I’m working on a research project for my bachelor’s thesis related to music recommendation systems. One part of my analysis involves comparing seed songs with their recommendations on Spotify, and for that, I need to retrieve a large set of songs with valid ISRCs to cross-match with the Spotify Web API.(I thought ISRCs are the best way to do the match?)

So far, I’ve worked with the public JSON recording dump, but it only contains a few thousand recordings with ISRCs — far from the millions that MusicBrainz is known to have.(Database statistics - Timeline graph - MusicBrainz)

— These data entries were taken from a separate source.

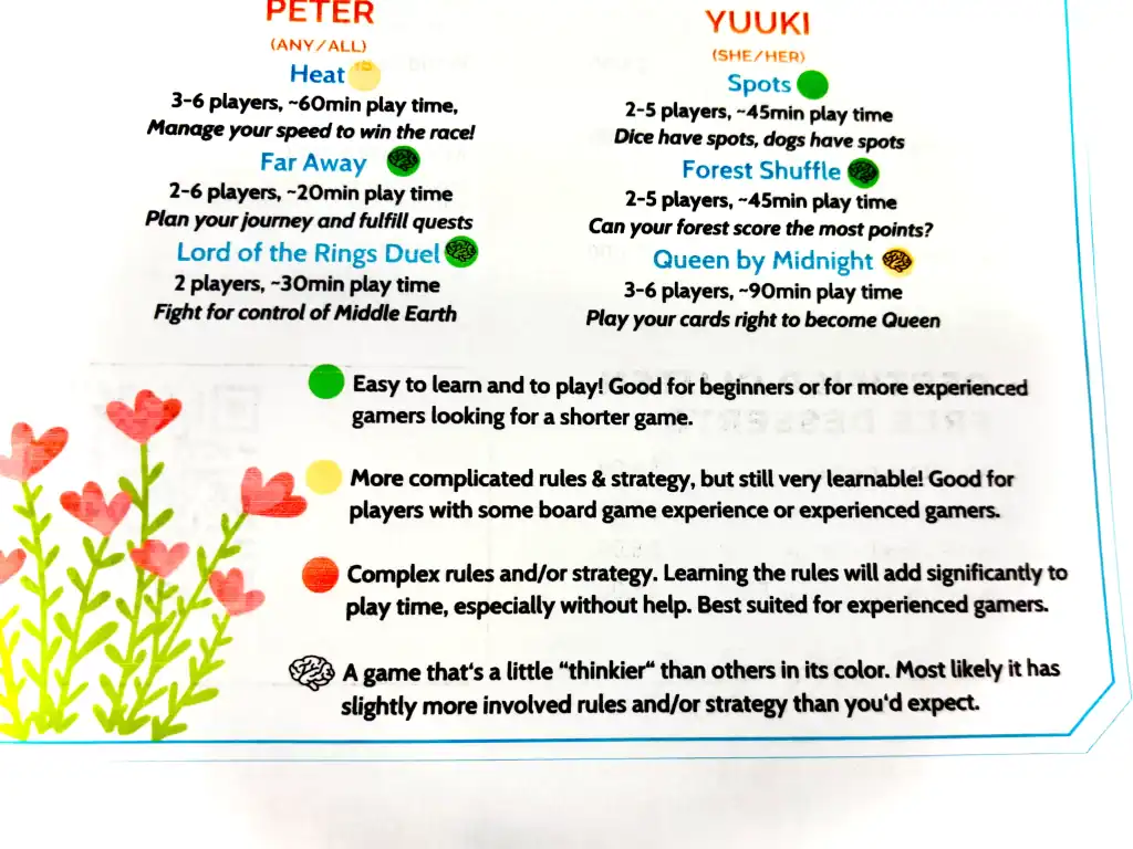 Each staff recommendation (like the ones from Peter and Yuuki above) also includes player counts, estimated play time, and a brief theme summary, making it easy for guests to browse with confidence.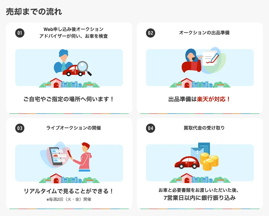 - 売却完了: 落札後、車両の引き渡しや代金の受け取りも楽天が対応。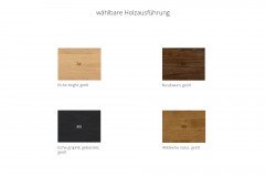 Massivholz in Eiche bright, geölt; Eiche graphit, gebürstet, geölt; Wildeiche natur, geölt oder Nussbaum, geölt - wählbar in den Höhen ca. 10 cm oder 15 cm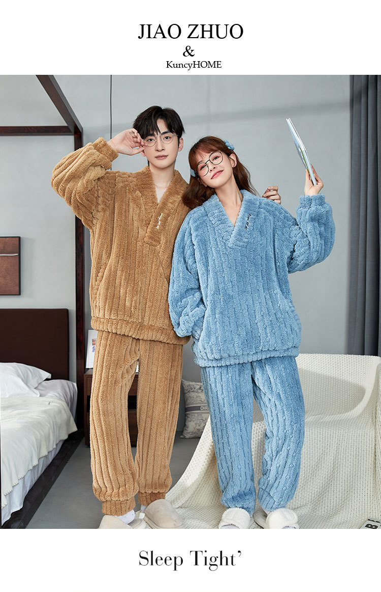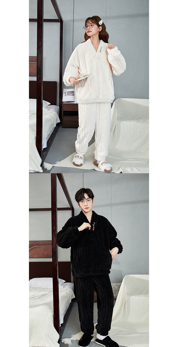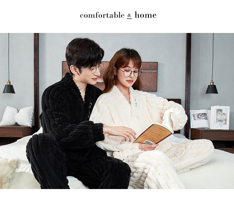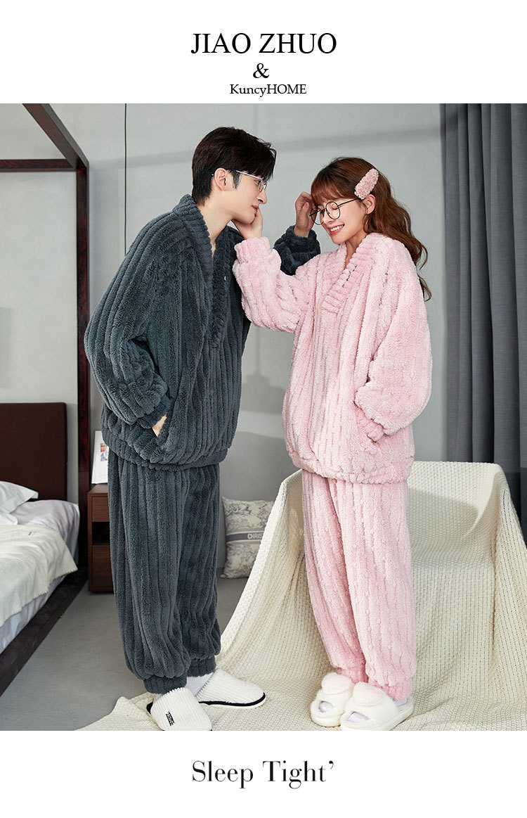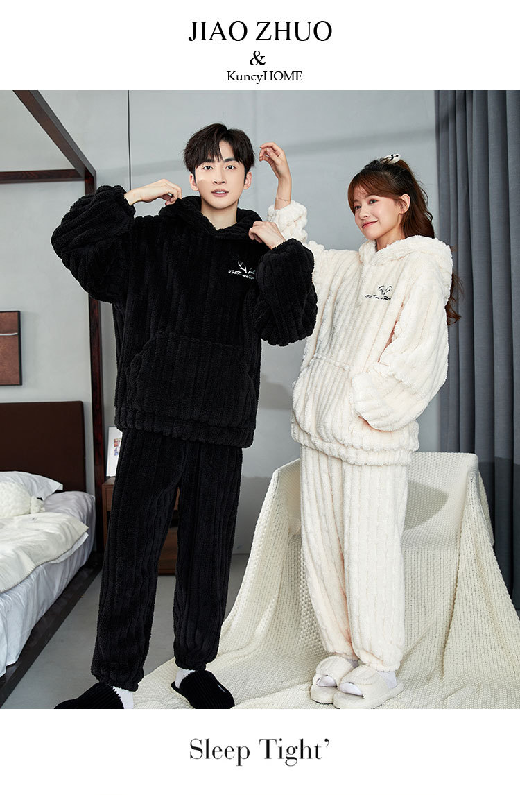 カップルパジャマ冬のサンゴのベルベットの厚いベルベットのフード付き男性女性秋冬フランネルの家庭服セット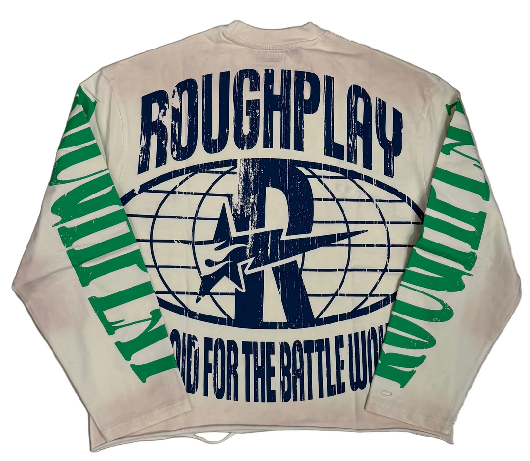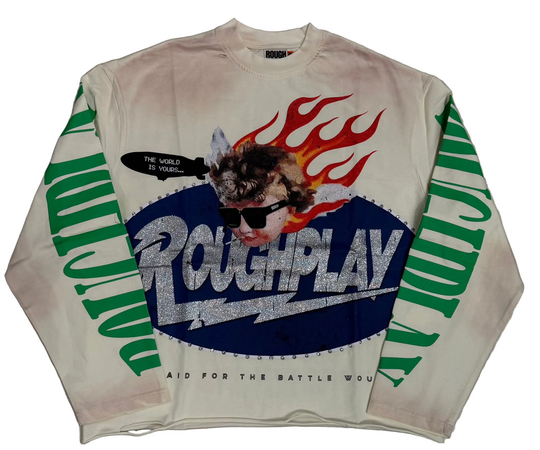 Get ready to rock out in style with the RoughPlay🩹Tan LS T-Shirt! This grey tee features a fiery skeleton jamming on a guitar, perfect for those rough days.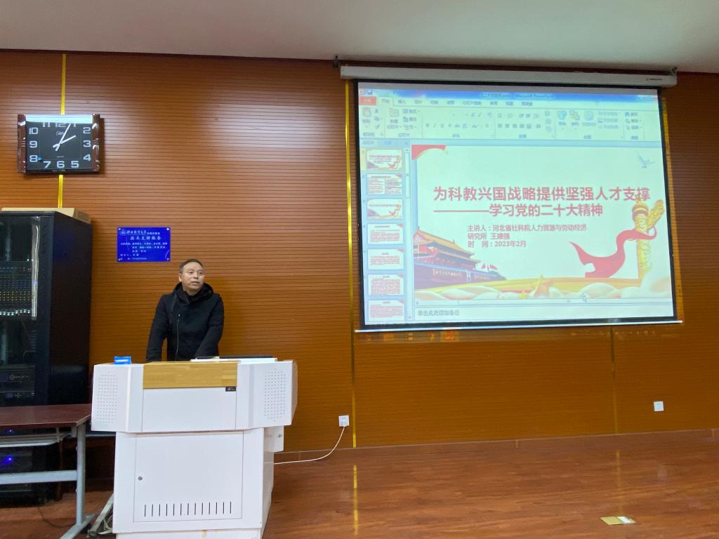 邀请河北社会科学院人力资源与劳动经济研究所所长、研究员王建强在二教105教室做《实施科教兴国战略、强化现代化建设人才支撑——学习党的二十大精神》的专题讲座,学院部分教师及研究生共100余人到场聆听,污污漫画
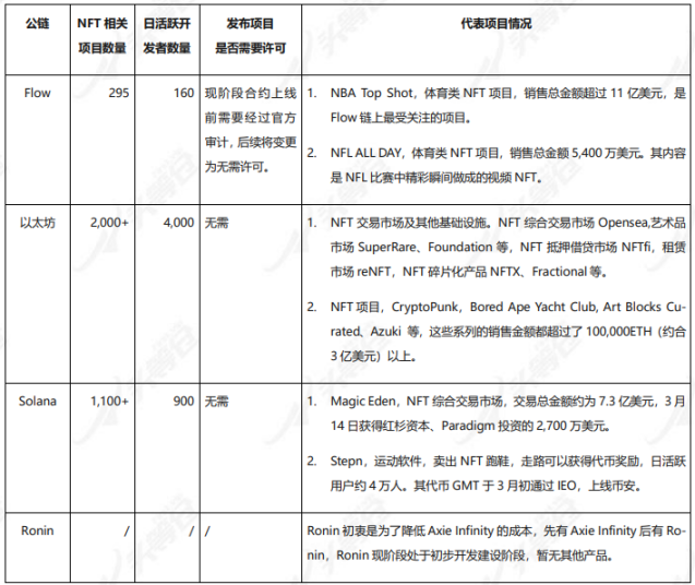 目前,NFT领域的竞争激烈。除了上述几个较为强势的公链外,各公链也都在发展自己的NFT品牌,各有侧重。如Solana、BSC、Wax、Chromia、IMX等专注于区块链游戏发展,从而顺势推出与游戏资产关联度较高的NFT交易市场。Tezos主要专注于小众艺术家作品的NFT市场建设。在以太坊上,也存在着诸多市场和项目的竞争。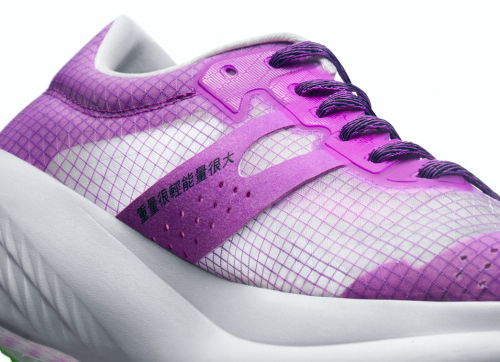 此次飞影PB使用了高韧性勺型全掌碳纤维板,为跑者在奔跑过程中提供强大的形变恢复能力,减少了跑步过程中的能量损耗,进而帮助提升运动成绩。上坡时,碳板增强了前掌韧性,储存和释放每一步的能量,提升跑步经济性;而在下坡时,30mm厚的巭PRO超临界泡棉能够有效吸收额外的冲击,降低跑步损伤风险。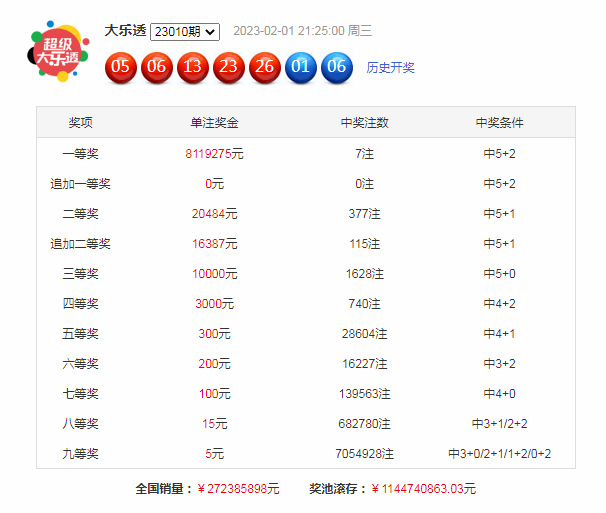 上期开奖:体彩大乐透第2023010期奖号为05 06 13 23 26 + 01 06,前区三区比为2:2:1,奇偶比为3:2,和值为73,012路比为1:1:3。
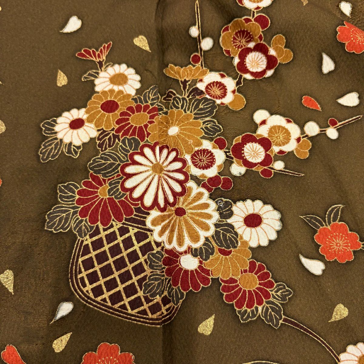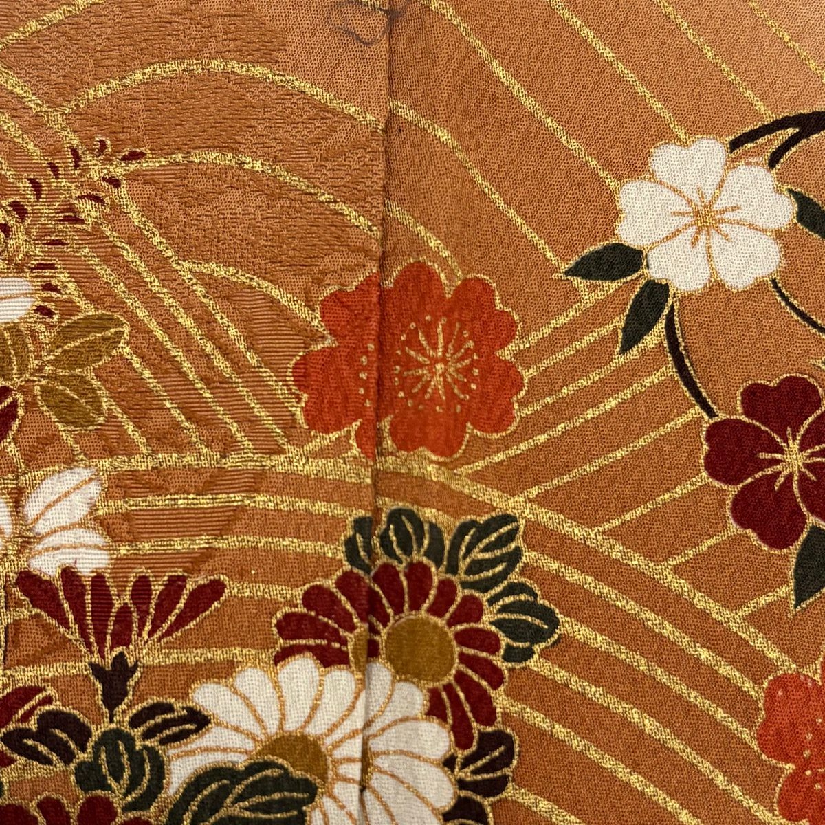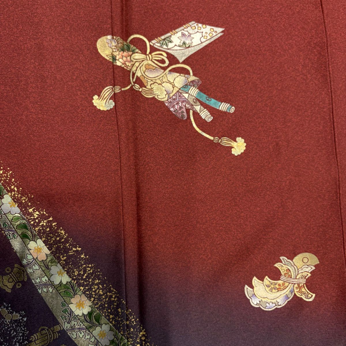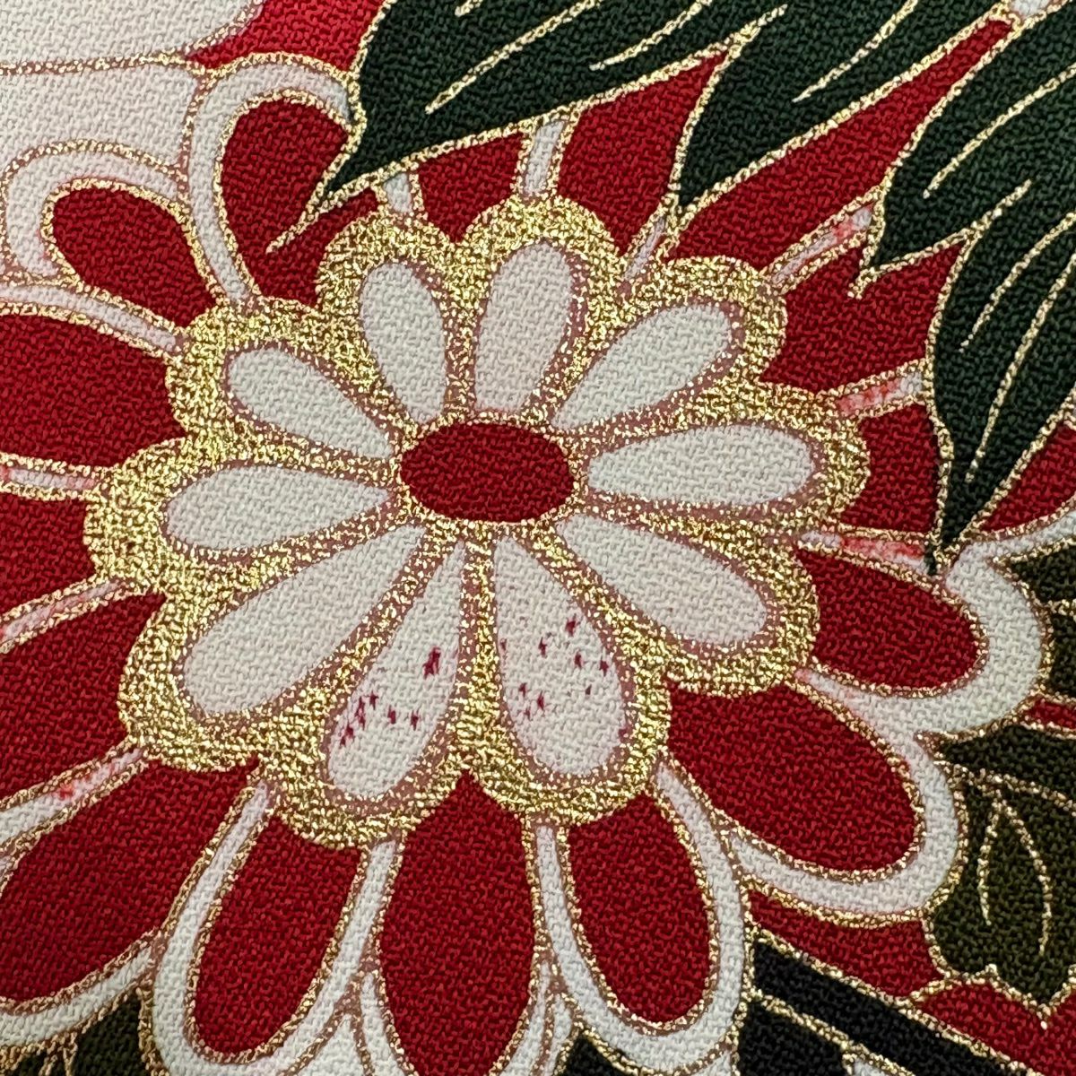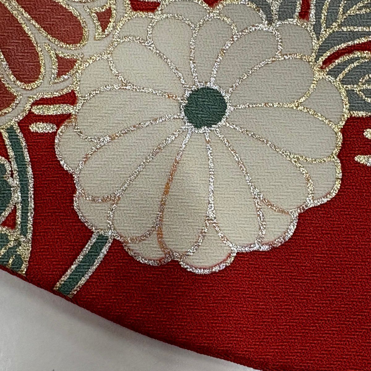 50%OFF 振袖 身丈166.5cm 裄丈69.5cm L 袷 手鞠 桜 金糸 金彩 えんじ色 正絹 秀品 K50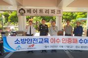 [비건뉴스=최지영 수습기자] 세종북부소방서가 17일 전동면에 위치한 베어트리파크를 ‘소방안전교육 우수 인증공원’으로 선정하고 인증패를 수여했다. 이날 행사에는 김전수 세종북부소방서장, 이선용 베어트리파크 회장 등 양 기관 관계자 10여 명이 참석해 환영 인사와 인증패 전달, 기념 촬영 등을 진행했다. 또한, 세종북부소방서는 베어트리파크 소방시설과 주요 시설을 점검하고, 소방안전 관리 개선 및 상호 협력 방안을 논의했다. 소방안전교육 우수 인증공원은 시민과 밀접한 기관·단체의 소방안전 역량을 강화하기 위해 추진 중인 ‘소방안전교육 인증제’의 일환이다. 베어트리파크는 전 직원 90% 이상이 심폐소생술(CPR), 자동심장충격기(AED) 사용법, 화재 대피 등 법정 수준의 응급처치 및 맞춤형 소방안전 교육을 이수해 높은 안전 수준을 인정받았다. 김전수 세종북부소방서장은 “베어트리파크의 적극적인 노력은 다른 기관의 모범이 될 것”이라며 “이번 인증을 계기로 안전 문화가 세종 전역으로 확산되길 기대한다”고 말했다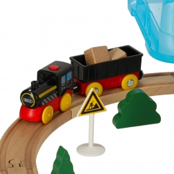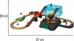 Otkrijte zabavnu drvenu željezničku stazu s 55 dijelova koja spaja svijet željeznice i gradilišta. U kompletu je samohodna lokomotiva (na AAA), bogat pribor uključujući most, dizalicu, prometne znakove, stabla i figurice, kao i praktična kutija za pohranu koja je dio same staze. Potiče kreativnost, maštu i razvoj fine motorike djece od 3 godine.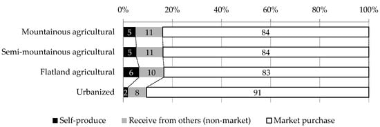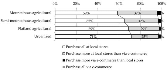 The survey found that 16% of food in mountainous and flat agricultural areas came from non-market sources, whereas 10% of food had non-market origins in urbanized areas (Figure 1). We found no significant difference between the three types of agricultural areas. This suggests that non-market food provision makes a non-negligible contribution to people’s food consumption in agricultural landscapes []. In terms of where the respondents purchased their food, the percentage of respondents saying that they purchased all of it at local stores was the highest in urbanized areas (71%) and the lowest in the mountainous agricultural areas (59%) (Figure 2). The households in more isolated rural areas tend to purchase food via e-commerce more than those in flat agricultural areas and urbanized areas, even though the amount purchased by e-commerce is still less than that obtained from local stores.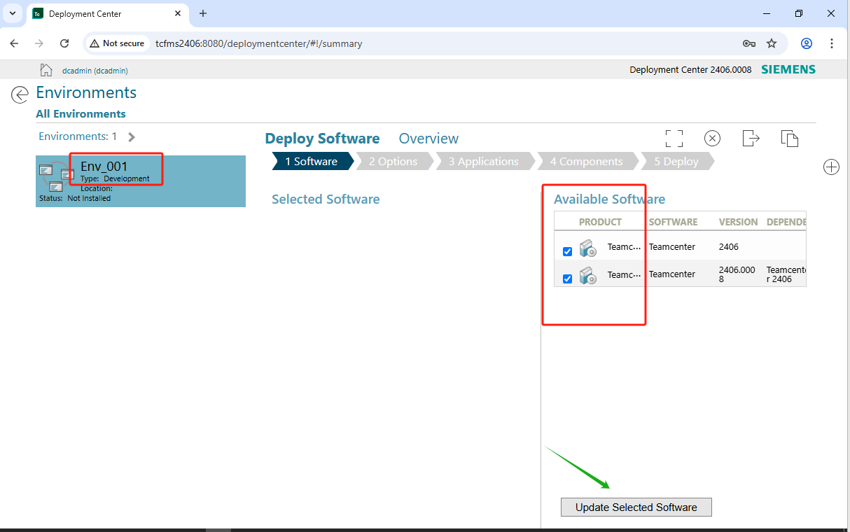 4. Software 界面选中TC2406Main包和Service Pack两个安装源,然后点击“Updae Selected Software”按钮。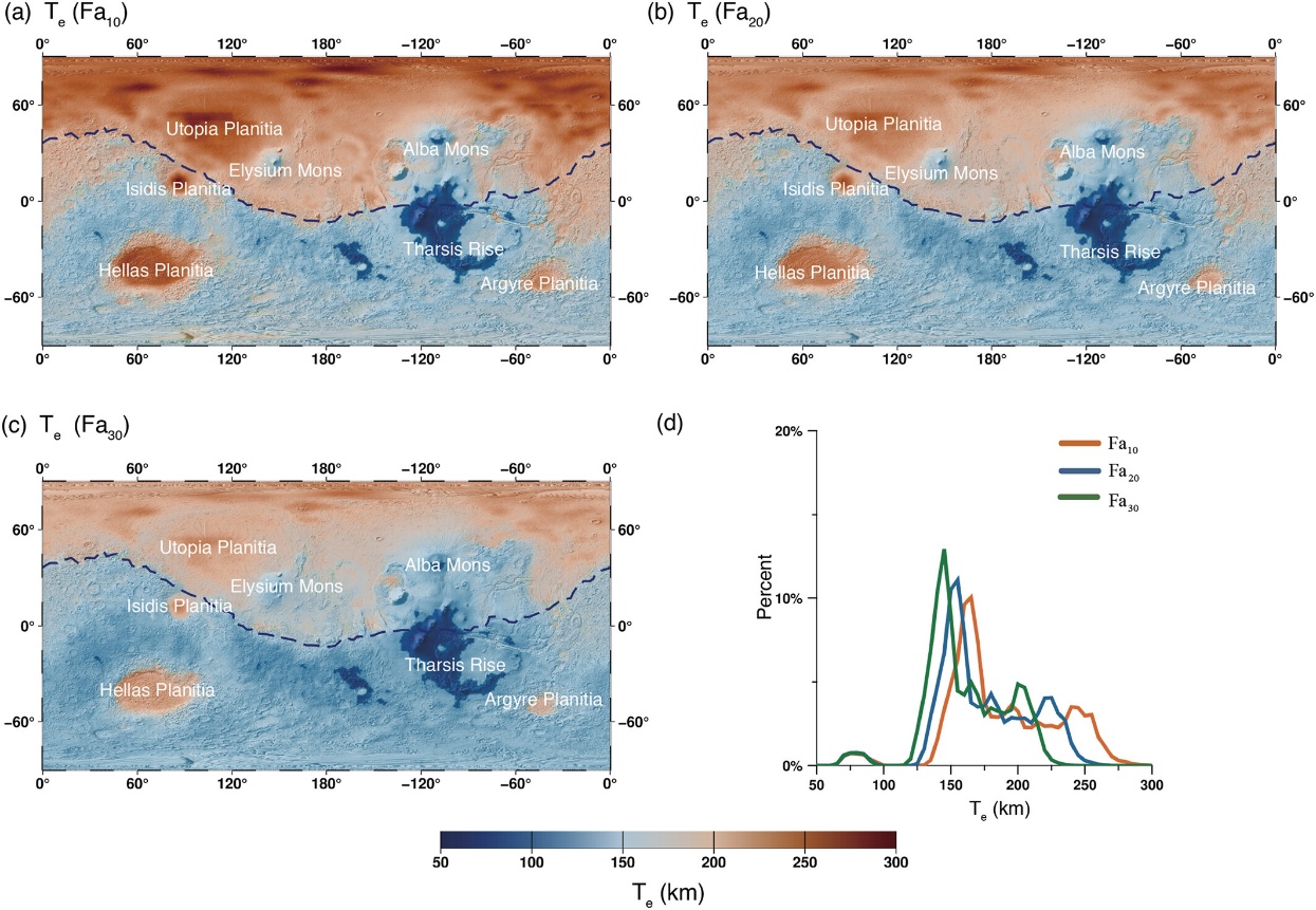 针对上述问题,800彩票岩石圈演化与环境演变全国重点实验室博士生司润港,在导师陈林研究员、陈凌研究员和潘永信院士的指导下,基于富铁橄榄石的高温高压试验结果和火星深部结构的最新认识,定量分析了不同铁含量对火星岩石圈有效弹性厚度、热岩石圈厚度和脆-韧性转换深度的影响,并在此基础上讨论了火慢富铁特性对火星热演化和构造体制的控制作用。

Here’s what I’m trying to understand:

  1. Is there a way to access a more complete or full dataset of MusicBrainz recordings that include ISRCs?
  • Are ISRCs only available through a full PostgreSQL DB setup?
  • Is there an alternative dataset or dump that includes them?
  1. What’s the recommended way to extract this information efficiently (recording title + artist + ISRC)?
  • Should I set up the full PostgreSQL DB and query recording + isrc + artist_credit tables?
  • Or is there a lighter-weight method that gives sufficient coverage?
  1. Any tips for matching MusicBrainz data to Spotify tracks via the Spotify API?
  • I’m currently searching tracks using ISRCs, but in many cases, Spotify returns no match even though the song exists with a different ISRC or under slightly different artist names or doesn’t exist on Spotify at all.

I’d appreciate any insights, best practices, or recommended tools you’ve used for similar large-scale MusicBrainz extraction and ISRC-Spotify mapping workflows.

Thanks a lot in advance!